Outside the structure is a chain link fence, and covering the fence from end to end, are all kinds of memorabilia left by family and strangers, residents and visitors. Everything from keychains to license plates, photos to poems, adorned the fence. It’s obvious to me that this terror strike on US soil really hit home, years before 9/11 hardened us once more to terror on our shores.

It’s hard to realize that a building stood here once. It’s a beautiful park, with a shallow reflecting pool and two monolithic structures at either end, marked with two different times — presumably the time of the blast and collapse. These dominate the park.

There’s also a field of copper chairs, each atop a glass block, inscribed with the name of someone lost in the building. There are even smaller chairs for the children that were lost in the daycare. As tomorrow is Easter, some of the children’s chairs had Easter bunnies in them. A touching, telling reminder of the lights extinguished in this horror. As the sky grew darker, the chairs were lit in an eerie reminder of this loss.

As we walked around and read the plaques, we found out we were there just days before the ninth anniversary of this tragedy.

It is beautiful, and fitting, but a crying shame that it’s needed at all.

We were there too late to visit the museum — that’ll be on another trip.

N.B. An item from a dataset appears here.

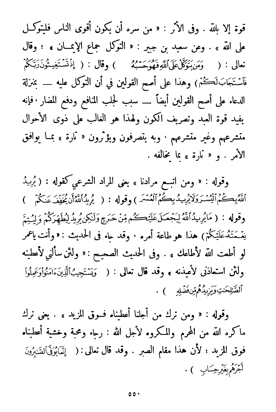 قُوَّةَ إلَّا بِاَللَّهِ. وَفِي الْأَثَرِ: " {مَنْ سَرَّهُ أَنْ يَكُونَ أَقْوَى النَّاسِ فَلْيَتَوَكَّلْ عَلَى اللَّهِ} ". وَعَنْ سَعِيدِ بْنِ جُبَيْرٍ: " التَّوَكُّلُ جِمَاعُ الْإِيمَانِ " وَقَالَ تَعَالَى: {وَمَنْ يَتَوَكَّلْ عَلَى اللَّهِ فَهُوَ حَسْبُهُ} وَقَالَ: {إذْ تَسْتَغِيثُونَ رَبَّكُمْ فَاسْتَجَابَ لَكُمْ} وَهَذَا عَلَى أَصَحِّ الْقَوْلَيْنِ فِي أَنَّ التَّوَكُّلَ عَلَيْهِ - بِمَنْزِلَةِ الدُّعَاءِ عَلَى أَصَحِّ الْقَوْلَيْنِ أَيْضًا - سَبَبٌ لِجَلْبِ الْمَنَافِعِ وَدَفْعِ الْمَضَارِّ فَإِنَّهُ يُفِيدُ قُوَّةَ الْعَبْدِ وَتَصْرِيفَ الْكَوْنِ وَلِهَذَا هُوَ الْغَالِبُ عَلَى ذَوِي الْأَحْوَالِ متشرعهم وَغَيْرِ متشرعهم وَبِهِ يَتَصَرَّفُونَ وَيُؤْثِرُونَ " تَارَةً " بِمَا يُوَافِقُ الْأَمْرَ. و " تَارَةً " بِمَا يُخَالِفُهُ. وَقَوْلُهُ: " وَمَنْ اتَّبَعَ مُرَادَنَا " يَعْنِي الْمُرَادَ الشَّرْعِيَّ كَقَوْلِهِ: {يُرِيدُ اللَّهُ بِكُمُ الْيُسْرَ وَلَا يُرِيدُ بِكُمُ الْعُسْرَ} وَقَوْلِهِ: {يُرِيدُ اللَّهُ أَنْ يُخَفِّفَ عَنْكُمْ} وَقَوْلِهِ: {مَا يُرِيدُ اللَّهُ لِيَجْعَلَ عَلَيْكُمْ مِنْ حَرَجٍ وَلَكِنْ يُرِيدُ لِيُطَهِّرَكُمْ وَلِيُتِمَّ نِعْمَتَهُ عَلَيْكُمْ} هَذَا هُوَ طَاعَةُ أَمْرِهِ وَقَدْ جَاءَ فِي الْحَدِيثِ: " {وَأَنْتَ يَا عُمَرُ لَوْ أَطَعْت اللَّهَ لَأَطَاعَك} ". وَفِي الْحَدِيثِ الصَّحِيحِ: " {وَلَئِنْ سَأَلَنِي لَأُعْطِيَنَّهُ وَلَئِنْ اسْتَعَاذَنِي لَأُعِيذَنَّهُ} " وَقَدْ قَالَ تَعَالَى: {وَيَسْتَجِيبُ الَّذِينَ آمَنُوا وَعَمِلُوا الصَّالِحَاتِ وَيَزِيدُهُمْ مِنْ فَضْلِهِ} . وَقَوْلُهُ: " وَمَنْ تَرَكَ مِنْ أَجْلِنَا أَعْطَيْنَا فَوْقَ الْمَزِيدِ " يَعْنِي تَرَكَ مَا كَرِهَ اللَّهُ مِنْ الْمُحَرَّمِ وَالْمَكْرُوهِ لِأَجْلِ اللَّهِ: رَجَاءً وَمَحَبَّةً وَخَشْيَةً أَعْطَيْنَاهُ. فَوْقَ الْمَزِيدِ؛ لِأَنَّ هَذَا مَقَامَ الصَّبْرِ. وَقَدْ قَالَ تَعَالَى: {إنَّمَا يُوَفَّى الصَّابِرُونَ أَجْرَهُمْ بِغَيْرِ حِسَابٍ} .

Between the drive and trying to get our minds around this memorial, we found ourselves exhausted, and found a hotel near the airport, and crashed, hoping to be refreshed physically, spritually and mentally for tomorrow’s drive.

Good Friday

We went today to get our rental van. I was expecting a lackluster performance by the rental company (based on my last rental experience with them), but was pleasantly surprised.

When we pulled in, we were greeted, shown the vehicles in the class we were looking to rent, and helped with features and experiences with them. Really a class act, and a huge surprise from a low-dollar rental agency. Little do they know how many miles we’re gonna put on their vehicle!

Beck and I packed and loaded most of the night, finally collapsing into sleep with items still to pack and load. Oh well!

How Much Is That Gasoline in the Window?

$1.799

Yup, you read it right. Another twenty cent increase in the price of a gallon of gas last night — the highest I’ve ever seen gas here. Unbelievable!

However, I did some figuring, and even a twenty cent hike only adds about $45 to the gas cost for our trip in a couple of weeks. That’s not horrible, but I know I’ll have sticker shock when I pay the man for the gas at each stop.

And, I’m sure that there will be places with much, much higher gas along the way. I wouldn’t be surprised to pay $2.50/gal somewhere along the way, probably the west coast or near the Grand Canyon.

Desert Music

$1.569

I was listening to the Gin Blossoms on the way home from work tonight, and it suddenly struck me that the desert was a catalyst for growth in my musical tastes.

I was sent to Phoenix in 1992 for an IBM OS/2 Technical Exchange — probably one of the best conferences I’ve ever been to. I rented a car out there, and after the conference, stuck a mag-mount antenna on the trunk, hooked up my HF radio (probably an Icom IC-757 GX II, I’d bet), and headed west toward Palm Springs. I was gonna meet up with someone I’d talked to on the radio for years, but hadn’t met in person.

As I tooled across the southern desert on I-10, I listened to an FM radio station out of Phoenix called “The Edge”. They played a kind of music I’d never heard in Chattanooga (which is where I was living at the time), and called it Alternative Rock.

I can’t remember all the music they were playing, but it was all new to me. 4 Non Blondes, The The, and The Gin Blossoms are all ones I remember hearing for the first time during that trip.

How appropriate that, upon the eve of our trip to the desert, I’m reminded of one of the impacts that stark landscape laid upon me.